Poising himself, like a Mercury, on a rock in mid-stream, the angler had just thrown eighteen yards of line lightly as a silken thread to an inch, when his foot slipped, and a loud splash, bringing the painter, like Icarus, out of the clouds with a run, startled his attention to the place where his companion was not. In another second Simon had his grip on Dick's collar, and both men were struggling for dear life in the pool. Stanmore could swim, of course, but it takes a good swimmer to hold his own in fisherman's boots, encumbered, moreover, with sundry paraphernalia of his art. Simon was a very mild performer in the water, but he had coolness, presence of mind, and inflexible tenacity of purpose. To these qualities the friends owed it that they ever reached the shore alive. It was a very near thing, and when they found their legs and looked into each other's faces, gasping, dripping, spouting water from ears, nose, and mouth, Dick gathered breath to exclaim, "You trump! I should have been drowned, to a moral!" Whereat the other, choking, coughing, and sputtering, answered faintly, "You old muff! I believe we were never out of our depth the whole time!"
Perkins did not go up for his degree, and the men lost sight of one another in a few years, cherishing, indeed, a kindly remembrance each of his friend, yet taking little pains to refresh that remembrance by renewed intercourse. How many intimacies, how many attachments outlast a twelvemonth's break? There are certain things people go on caring for, but I fear they are more intimately connected with self in daily life than either the romance of friendship or the intermittent fever of love. The enjoyment of luxury, the pursuit of money-making, seem to lose none of their zest with advancing years, and perhaps to these we may add the taste for art.
Now to Simon Perkins art was as the very air he breathed. The greatest painter was, in his eyes, the greatest man that lived. When he left Oxford, he devoted himself to the profession of painting with such success as rendered him independent, besides enabling him to contribute largely to the comfort of two maiden aunts with whom he lived.
Not without hard work; far from it. There is no pursuit, perhaps, which demands such constant and unremitting exertion from its votaries.
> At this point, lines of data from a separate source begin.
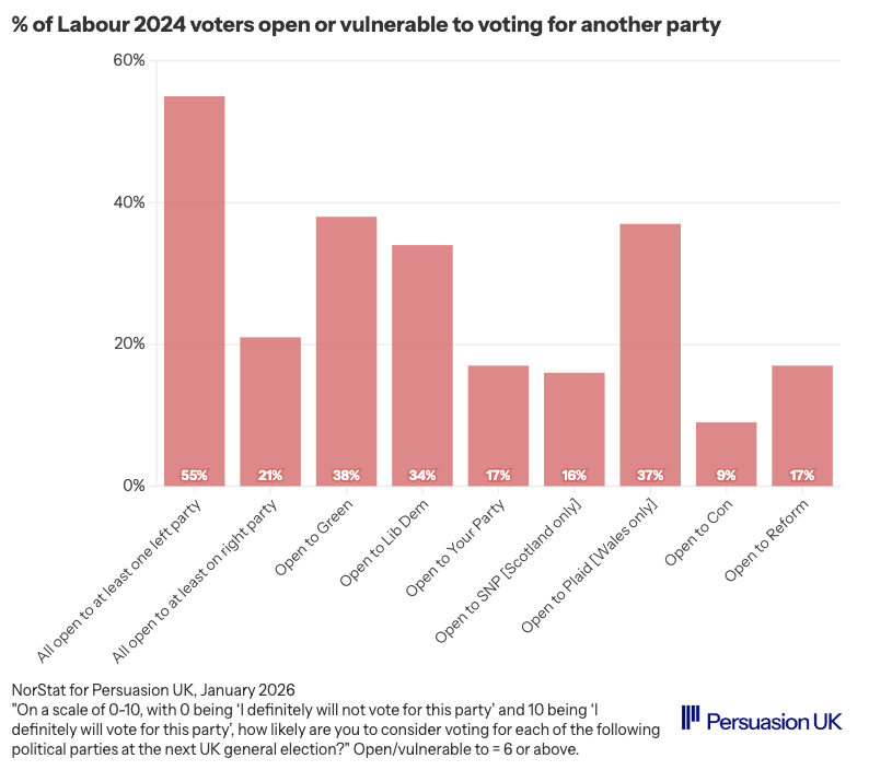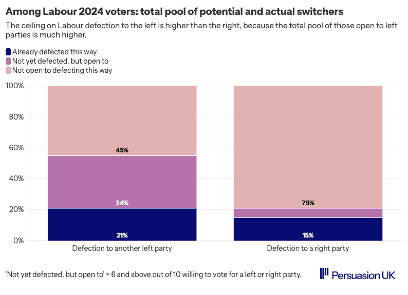 Big new @Persuasion_UK report out with @38degrees on 'progressive defectors' - Lab 2024 switchers to Greens, Plaid, SNP, Lib Dems.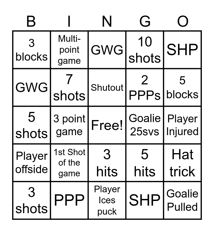 This bingo card has a free space and 24 words: 1st Shot of the game, PPP, Shutout, 3 shots, SHP, 3 blocks, GWG, Multi-point game, Goalie 25svs, 3 hits, 2 PPPs, 5 shots, 5 hits, Hat trick, 7 shots, SHP, Player Injured, GWG, 5 blocks, 3 point game, Goalie Pulled, Player offside, 10 shots and Player Ices puck.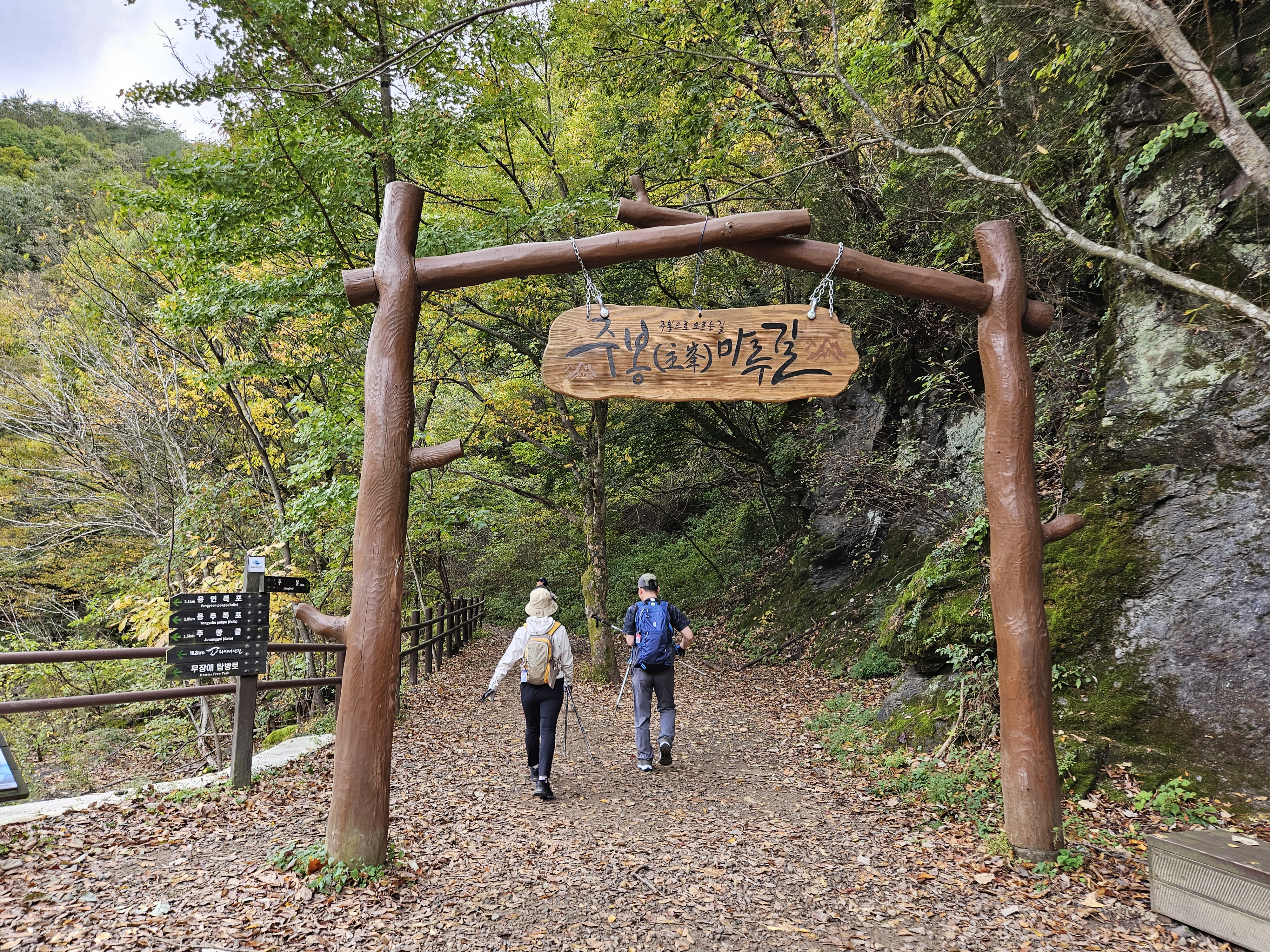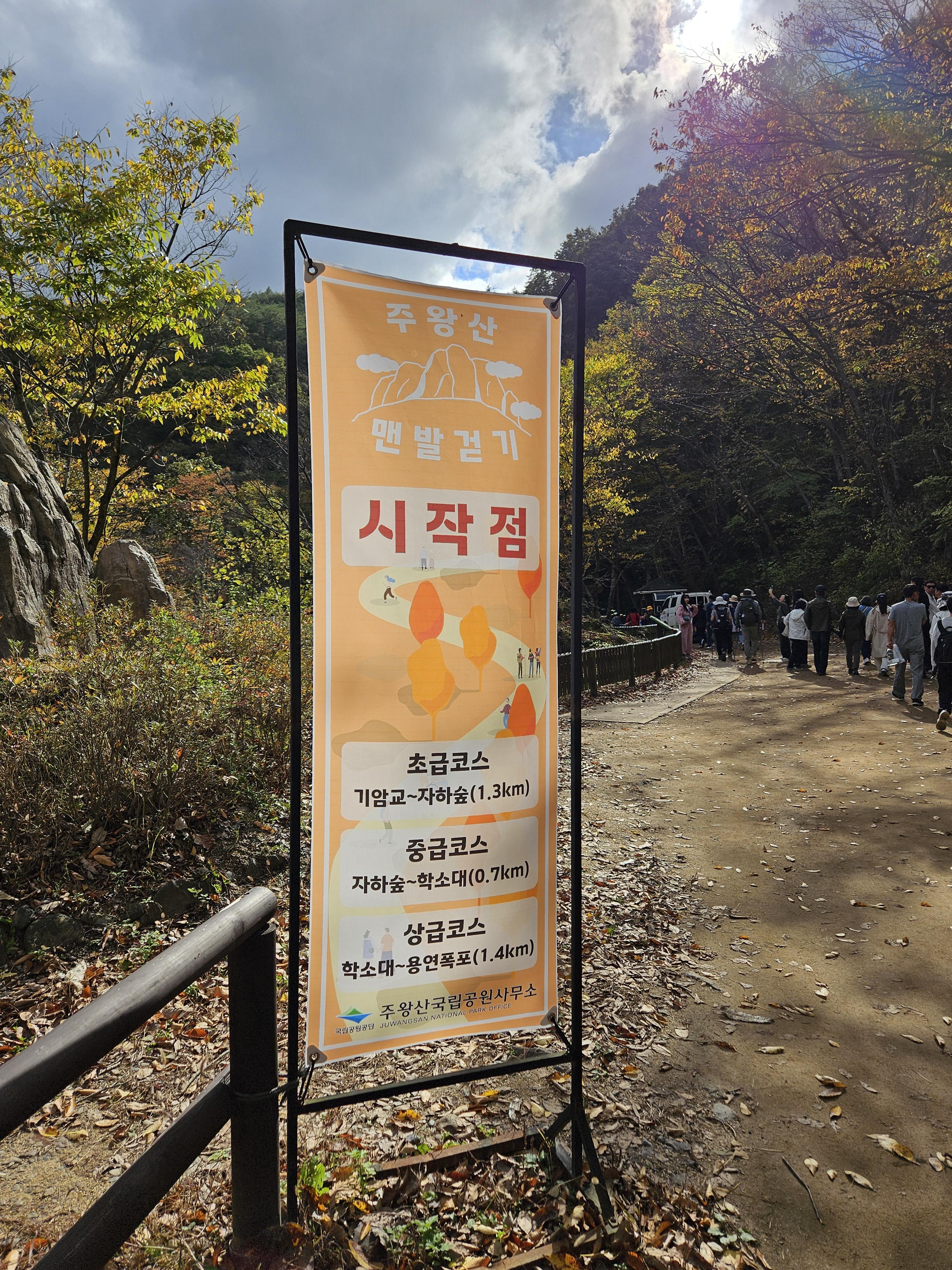주왕계곡 입구에 폭포코스와 주봉코스 갈림길이 나옵니다.

The ideal to which he strains can never be reached, for his very successes keep building it yet higher, and a painter is so far like a baby his whole life through that he is always learning to see.
Simon was still learning to see on the afternoon Dick Stanmore sculled by his cottage windows--studying the effect of a declining sun on the opposite elms, not entirely averting his looks from that graceful girl, who ran into the house to the oarsman's discomfiture, and missing her more than might have been expected when she vanished up-stairs. Was not the sun still shining bright on that graceful feathery foliage? He did not quite think it was.
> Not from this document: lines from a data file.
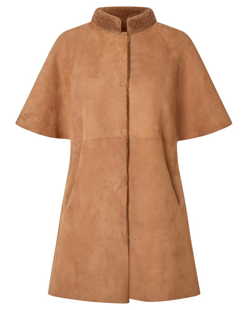 Adeline vendbar vest i lækker, blød og curly cognac brun rulam. Vesten har kinakrave, korte ærmer og er i et afslappet fit. Den er en anelse smallere for oven, og har en elegant og fin a-facon. Den har lommer i siderne, og lukkes med trykknapper.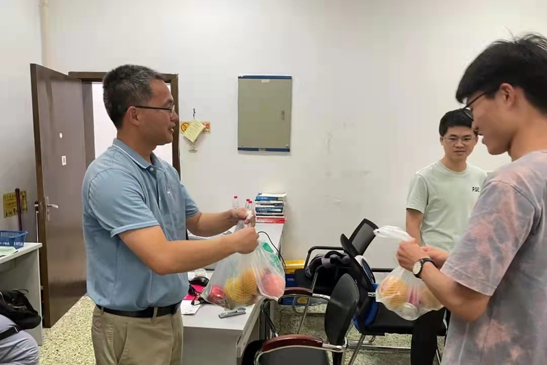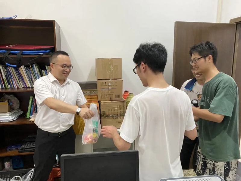 老师们询问了同学们近期的学习、生活情况,对他们能在这炎热的天气中继续留在学校备战考研、钻研学术、准备竞赛表示赞扬,还叮嘱同学们在学习之余也要注意身体,劳逸结合,合理安排时间,遇到困难与老师多交流沟通,以积极良好的心态备战,用饱满的信心应考,并为同学送上水果和凉茶,希望这份小小的心意能够让大家感受到学院的关怀。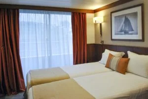 Ogni cabina, di circa 15 m², è dotata di doccia/WC, aria condizionata regolabile, asciugacapelli (se disponibile), cassaforte e TV, per garantirti il massimo della comodità durante la crociera.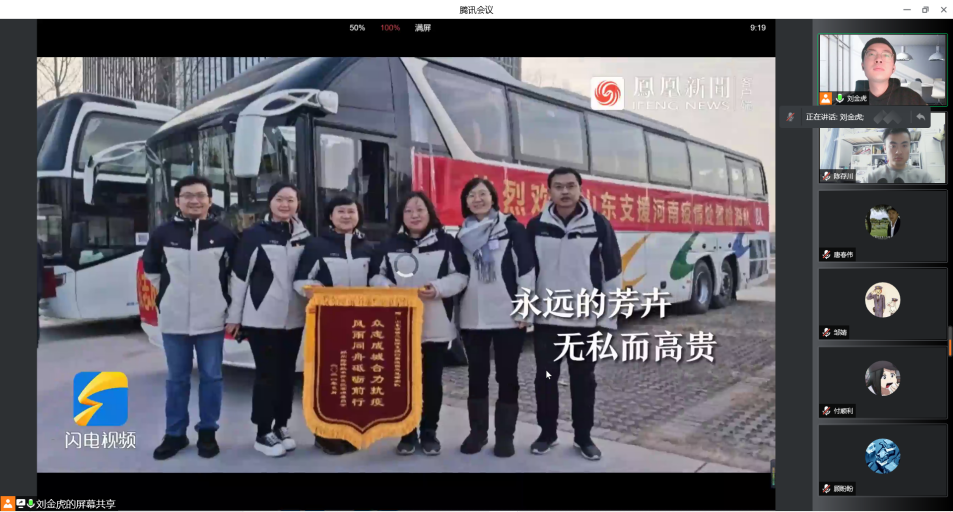 接下来,双方支部成员共同学习山东省支援威海临床医学检验专家白晓卉老师的战“疫”事迹,并观看短片《永远的芳卉》,同志们纷纷向白老师表达缅怀与哀思,并作出庄严承诺:要在疫情防控和守护校园安全中主动担当作为、践行初心使命,为打赢疫情防控阻击战贡献青春力量。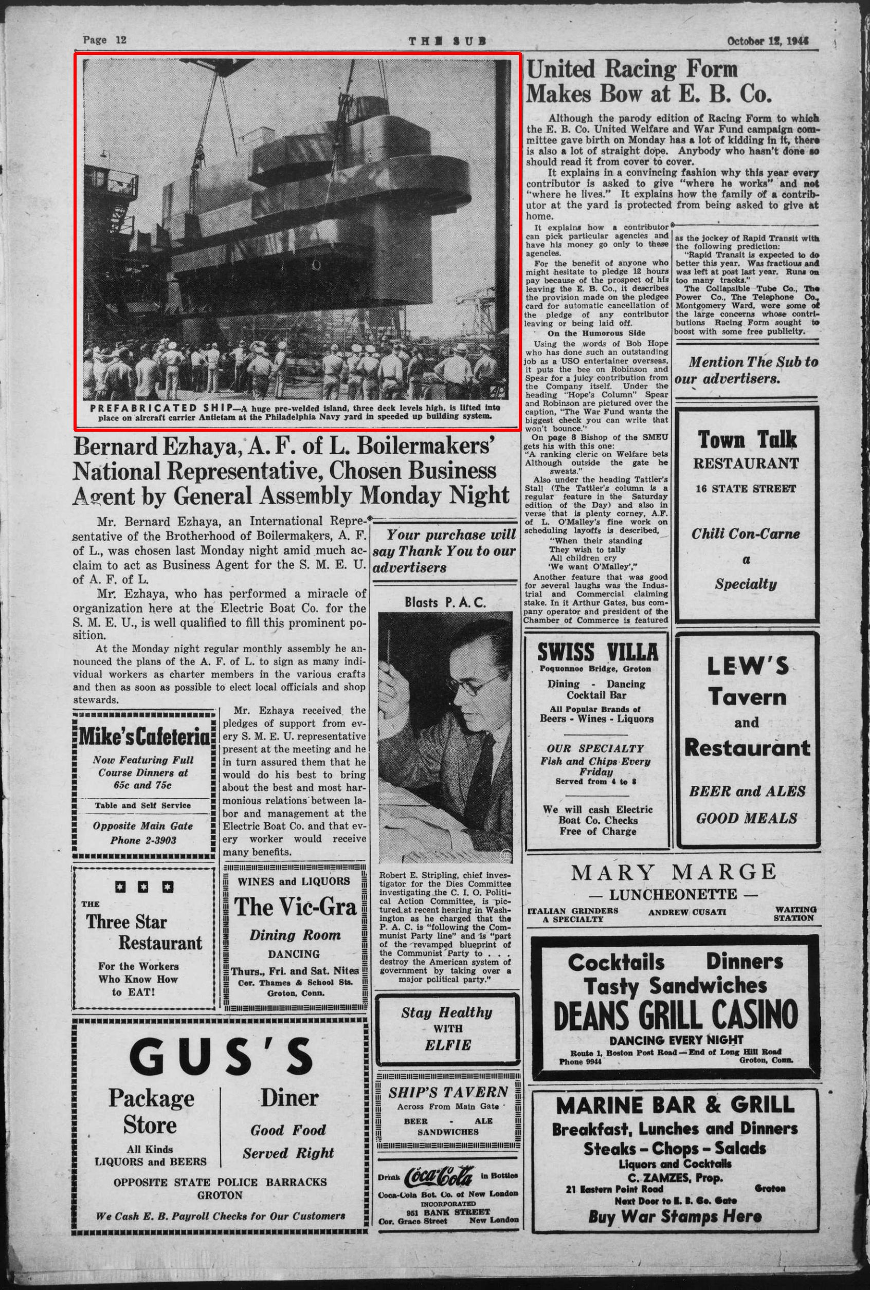 918k | "PREFABRICATED SHIP—A huge pre-welded island, three deck levels high, is lifted into place on aircraft carrier Antietam at the Philadelphia Navy yard in speeded up building system." The Sub, Groton, Connecticut, Thursday, 12 October 1944. |

Presently there came to the door a rustle of draperies, and an elderly lady, not remarkable for beauty, entered the room. Taking no notice of Simon, she proceeded to arrange small articles of furniture with a restless manner that denoted anxiety of mind. At last, stopping short in the act of dusting a china tea-cup, with a very clean cambric handkerchief, she observed, in a faltering voice, "Simon, dear, I feel so nervous I know I shall never get through with it. Where's your Aunt Jemima?" Even while she spoke there appeared at the door another lady, somewhat more elderly, and even less remarkable for beauty, who seated herself bolt upright in an elbow-chair without delay, and, looking austerely round, observed in an impressive voice, "Susannah, fetch me my spectacles; Simon, shut the door."
Of all governments there must be a head. It was obvious that in this deliberative assembly Miss Jemima Perkins assumed the lead. Both commands being promptly obeyed, she pulled her spectacles from their case and put them on, as symbols of authority, forthwith.
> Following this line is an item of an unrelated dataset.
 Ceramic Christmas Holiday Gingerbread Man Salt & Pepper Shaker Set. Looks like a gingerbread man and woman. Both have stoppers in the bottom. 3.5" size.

"I want your advice, Simon," said this strong-minded old lady, in a hard, clear voice. "I dare say I sha'n't act upon it, but I want it all the same. I've no secrets from either of you; but as the head of the family I don't mean to shirk responsibility, and my opinion is, she must go. Susannah, no weakness. My dear, you ought to be ashamed of yourself. Nina, run up-stairs again, we don't want you just now."
This to a pretty head with raven hair, that popped saucily in, and as saucily withdrew.
Simon looked wistfully after the pretty head, and relapsed into a day-dream. Was he thinking what a picture it would make, or what a reality it was? His aunt's voice recalled him to facts.